Pictures in the entries below are excluded; copy only the lines from the one containing "近日,泉州市委宣传部公布20" to the one containing "法式不掉色小众轻奢双环扣淡水珍珠百搭钛钢镀金项链不掉色饰品女", both included.
─── Data shown ───
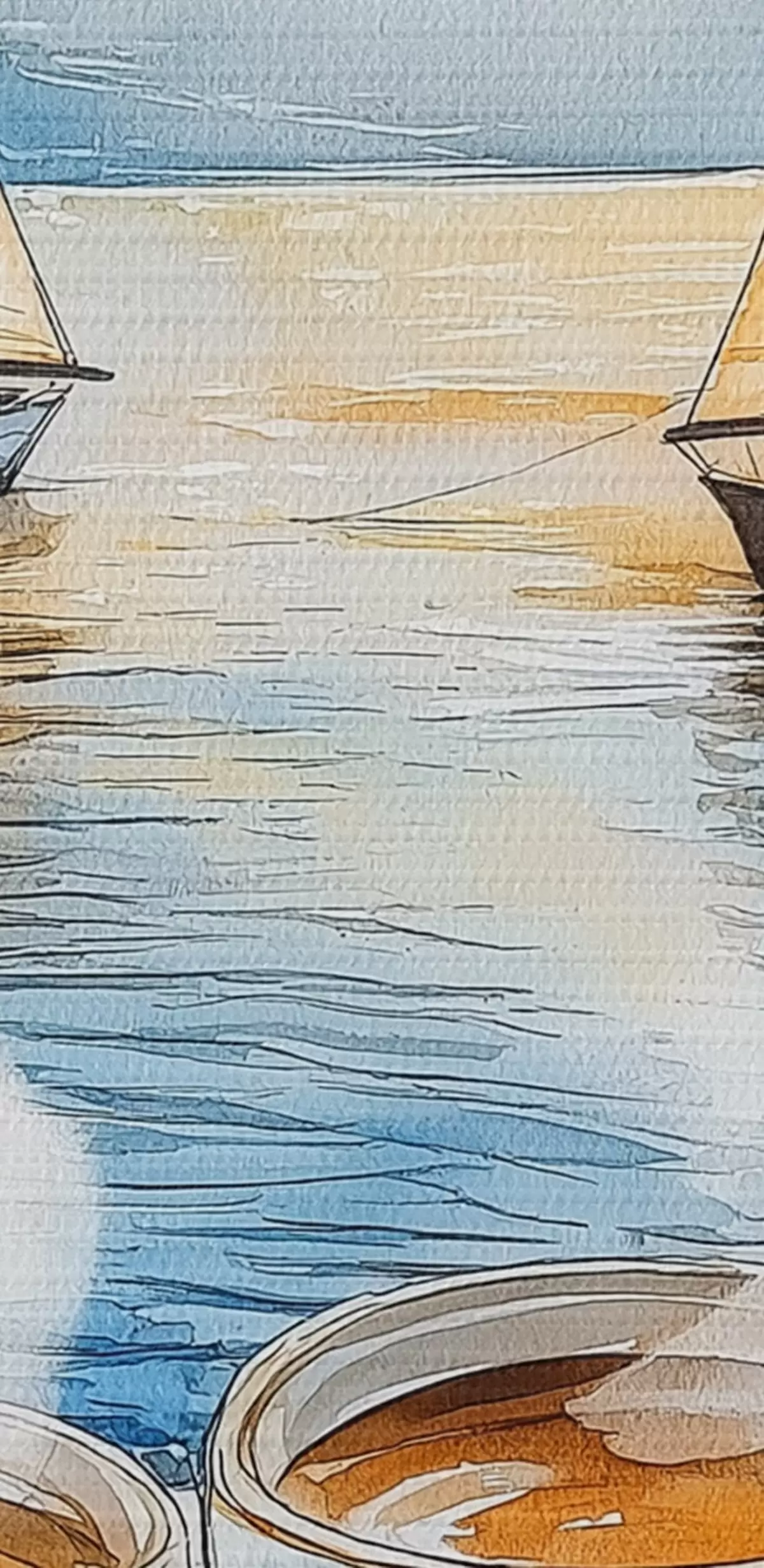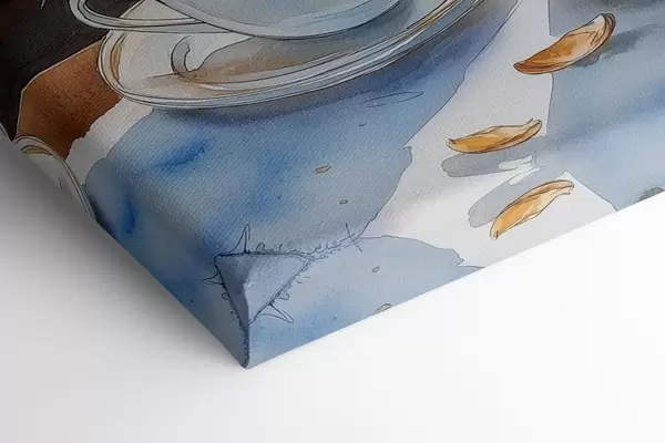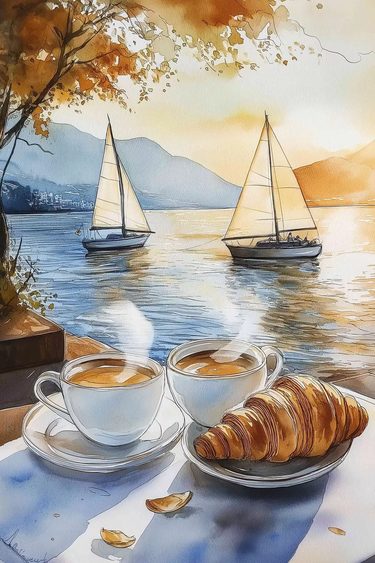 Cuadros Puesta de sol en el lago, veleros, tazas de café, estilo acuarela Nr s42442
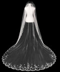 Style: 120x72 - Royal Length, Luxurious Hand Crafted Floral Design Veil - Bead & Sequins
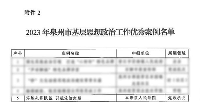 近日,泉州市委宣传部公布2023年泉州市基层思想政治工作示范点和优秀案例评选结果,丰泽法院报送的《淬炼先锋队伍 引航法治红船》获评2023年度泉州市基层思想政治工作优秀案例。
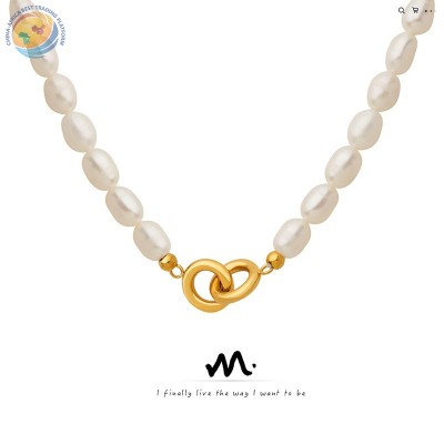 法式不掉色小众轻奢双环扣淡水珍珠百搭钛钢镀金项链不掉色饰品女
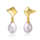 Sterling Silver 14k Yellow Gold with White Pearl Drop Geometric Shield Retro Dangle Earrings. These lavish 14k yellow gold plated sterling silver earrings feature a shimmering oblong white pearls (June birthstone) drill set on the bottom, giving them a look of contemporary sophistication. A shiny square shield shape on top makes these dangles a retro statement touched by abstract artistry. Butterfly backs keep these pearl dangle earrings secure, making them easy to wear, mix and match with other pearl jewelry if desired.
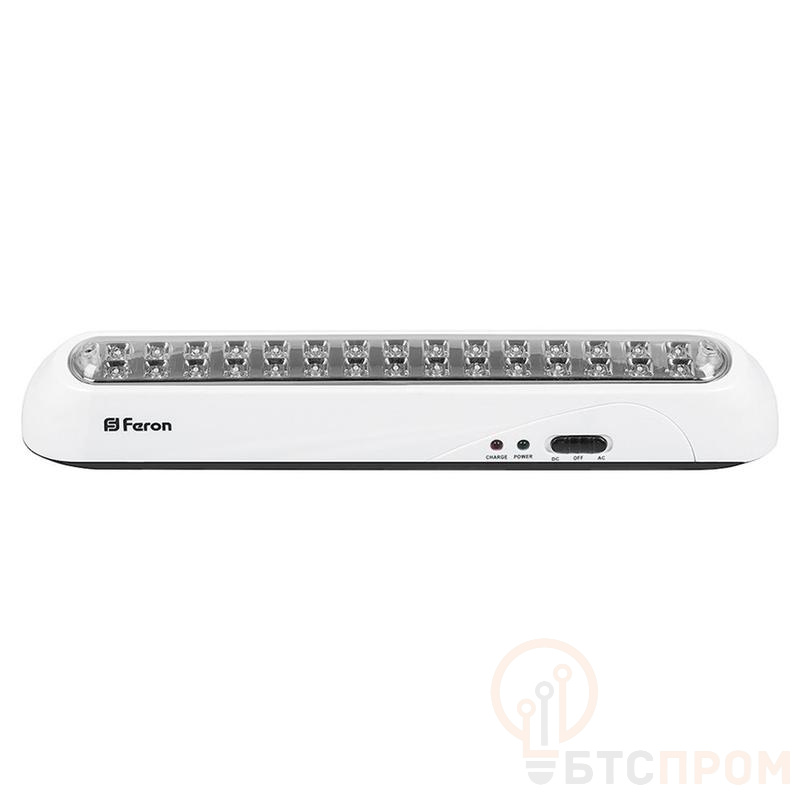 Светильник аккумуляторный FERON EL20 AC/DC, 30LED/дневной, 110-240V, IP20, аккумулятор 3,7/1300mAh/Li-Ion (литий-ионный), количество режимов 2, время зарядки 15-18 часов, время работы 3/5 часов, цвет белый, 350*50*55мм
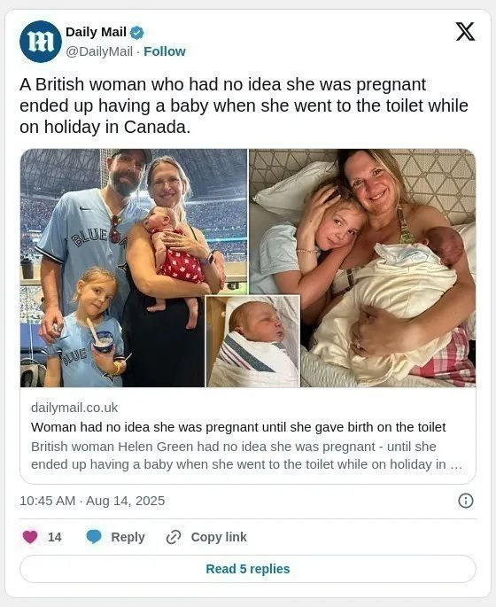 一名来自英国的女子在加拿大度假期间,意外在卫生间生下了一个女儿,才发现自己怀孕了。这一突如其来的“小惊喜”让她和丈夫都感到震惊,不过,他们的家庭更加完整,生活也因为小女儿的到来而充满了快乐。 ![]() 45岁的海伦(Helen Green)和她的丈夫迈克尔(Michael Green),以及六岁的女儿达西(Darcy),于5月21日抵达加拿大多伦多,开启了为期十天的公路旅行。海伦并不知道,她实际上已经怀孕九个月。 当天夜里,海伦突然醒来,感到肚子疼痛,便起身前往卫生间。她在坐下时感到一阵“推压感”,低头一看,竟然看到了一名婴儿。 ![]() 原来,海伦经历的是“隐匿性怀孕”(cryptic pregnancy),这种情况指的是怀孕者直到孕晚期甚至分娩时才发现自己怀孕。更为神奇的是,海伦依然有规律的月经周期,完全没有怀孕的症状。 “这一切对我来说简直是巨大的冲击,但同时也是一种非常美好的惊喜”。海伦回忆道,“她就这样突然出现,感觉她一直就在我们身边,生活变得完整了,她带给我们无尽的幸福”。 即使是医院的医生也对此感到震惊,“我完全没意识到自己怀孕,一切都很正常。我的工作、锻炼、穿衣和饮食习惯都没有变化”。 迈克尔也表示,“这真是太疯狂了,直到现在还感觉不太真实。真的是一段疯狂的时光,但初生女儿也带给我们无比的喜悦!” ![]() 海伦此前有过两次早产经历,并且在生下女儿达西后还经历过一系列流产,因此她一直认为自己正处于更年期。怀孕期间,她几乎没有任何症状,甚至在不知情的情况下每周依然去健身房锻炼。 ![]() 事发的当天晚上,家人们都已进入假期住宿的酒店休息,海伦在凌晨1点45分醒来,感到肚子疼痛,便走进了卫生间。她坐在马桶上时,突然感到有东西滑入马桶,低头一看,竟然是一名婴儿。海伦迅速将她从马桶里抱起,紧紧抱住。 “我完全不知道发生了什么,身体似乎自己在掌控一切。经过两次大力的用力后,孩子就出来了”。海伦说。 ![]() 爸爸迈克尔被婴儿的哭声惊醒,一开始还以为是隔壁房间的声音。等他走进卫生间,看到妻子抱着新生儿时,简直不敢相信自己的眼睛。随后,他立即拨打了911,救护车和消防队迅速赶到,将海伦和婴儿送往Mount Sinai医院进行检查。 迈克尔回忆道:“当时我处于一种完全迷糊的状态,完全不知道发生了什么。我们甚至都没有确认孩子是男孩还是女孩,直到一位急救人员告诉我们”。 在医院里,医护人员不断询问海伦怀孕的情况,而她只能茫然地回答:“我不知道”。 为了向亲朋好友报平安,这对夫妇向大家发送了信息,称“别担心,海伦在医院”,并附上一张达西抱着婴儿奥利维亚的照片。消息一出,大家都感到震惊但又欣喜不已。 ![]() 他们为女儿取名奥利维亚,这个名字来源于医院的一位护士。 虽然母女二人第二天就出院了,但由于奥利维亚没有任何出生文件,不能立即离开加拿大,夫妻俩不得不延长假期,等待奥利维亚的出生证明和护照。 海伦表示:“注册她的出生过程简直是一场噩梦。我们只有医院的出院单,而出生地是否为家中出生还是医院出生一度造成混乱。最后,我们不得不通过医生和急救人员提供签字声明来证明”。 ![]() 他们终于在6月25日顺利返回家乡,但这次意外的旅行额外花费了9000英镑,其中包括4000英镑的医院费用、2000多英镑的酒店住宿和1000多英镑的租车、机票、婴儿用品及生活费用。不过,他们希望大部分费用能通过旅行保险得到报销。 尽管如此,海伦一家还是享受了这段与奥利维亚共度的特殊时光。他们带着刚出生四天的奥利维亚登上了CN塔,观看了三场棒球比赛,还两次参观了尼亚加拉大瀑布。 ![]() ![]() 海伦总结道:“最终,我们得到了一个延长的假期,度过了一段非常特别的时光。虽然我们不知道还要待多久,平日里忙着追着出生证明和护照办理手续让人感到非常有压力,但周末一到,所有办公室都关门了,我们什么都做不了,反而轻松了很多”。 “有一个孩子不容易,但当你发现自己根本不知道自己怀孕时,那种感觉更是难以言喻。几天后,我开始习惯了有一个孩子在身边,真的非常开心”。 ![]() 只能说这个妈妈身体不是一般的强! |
───
Answer below
 近日,泉州市委宣传部公布2023年泉州市基层思想政治工作示范点和优秀案例评选结果,丰泽法院报送的《淬炼先锋队伍 引航法治红船》获评2023年度泉州市基层思想政治工作优秀案例。
 法式不掉色小众轻奢双环扣淡水珍珠百搭钛钢镀金项链不掉色饰品女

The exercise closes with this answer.